After taking the initial tests, the participants were given a microdose of dried psychedelic truffles, and after approximately 90 minutes—the tail end of the drug’s “peak period”—they retook all three tests. On average, the participants scored higher on the two creativity measurements, divergent and convergent thinking, after microdosing. The results for fluid intelligence, which can be roughly described as reasoning and problem solving, were about the same.
“Our results suggest that consuming a microdose of truffles allowed participants to create more out-of-the-box alternative solutions to a problem,” the authors write in the study. (The authors did not return requests for comment.)
While an intriguing study, it’s worth holding off on purchasing a baggie of magic truffles until we have clearer data. The study was posted as a preprint and has not yet been peer reviewed. And Matthew Johnson, an associate professor of psychiatry and behavioral sciences at Johns Hopkins University who has researched psychedelics, brought up some concerns about the study’s results. “I have virtually no confidence that this isn’t driven by placebo effect. The effects that they have presented are so subtle that they’re exactly what one would expect from a placebo effect to result in,” he says. “Someone might say, ‘I had one of those days where I felt more alert, in the zone, connected with people a little better, I was just in the zone.’ But we all have those types of days, and sometimes expecting to have those days, you’ll have one of those days.”
The authors address this potential placebo effect in their study, acknowledging that they can’t absolutely rule out that their results are influenced by subjects’ expectations. Johnson notes that the effects of microdosing psychedelics aren’t just unclear in this study; they’re unclear in general. “We know nothing about microdosing scientifically,” he says. “There’s lots of anecdotal evidence … [but] we don’t know anything about its effects in labs.”
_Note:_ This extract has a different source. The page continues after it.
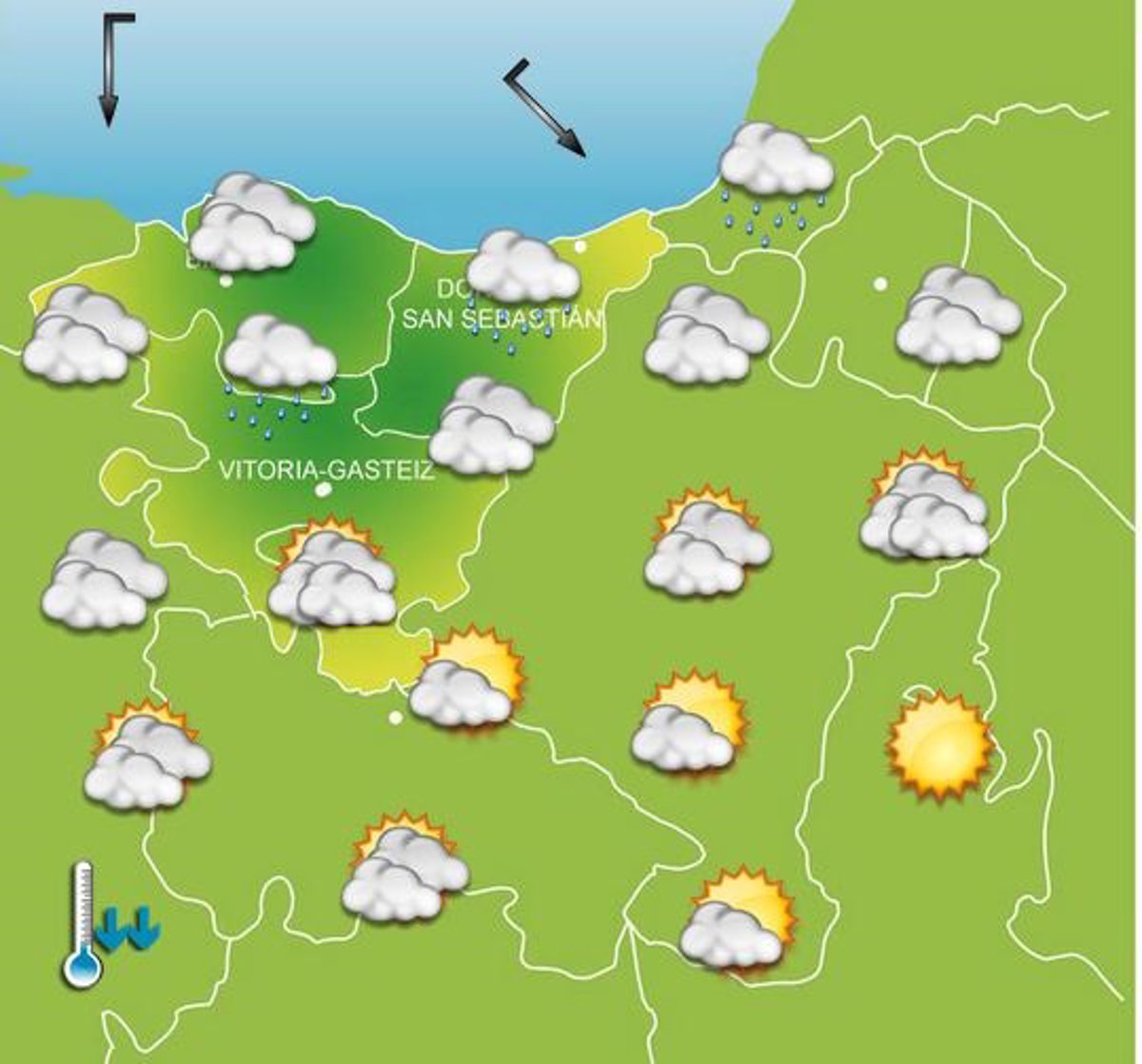 La Agencia Vasca de Meteorología, Euskalmet, prevé para este sábado en el País Vasco ambiente gris y más fresco. Los cielos estarán muy nubosos y dejarán precipitaciones, especialmente en la mitad norte y durante la mañana.

Matthew Baggott, a neuroscientist who has studied psychedelics’ effects on people, also mentioned the lack of clarity regarding microdosing. “People have many beliefs about benefits from it, but there’s very little research to support any of the proposed benefits. This is partly, perhaps even mainly, because controlled studies in a laboratory have not yet been done.”
Likewise, there’s been little research on psychedelics’ effects on creativity, though a few were conducted in the 1960s, before President Richard Nixon called the psychologist Timothy Leary “the most dangerous man in America” for promoting psychedelics’ therapeutic potential, and the United States government halted most research involving psychedelics. One study, from 1966, suggests that LSD could improve subjects’ creative-problem-solving ability. Conversely, a study from 1967 found that while anxiety symptoms decreased after taking a high dose of LSD, creative thinking did not increase.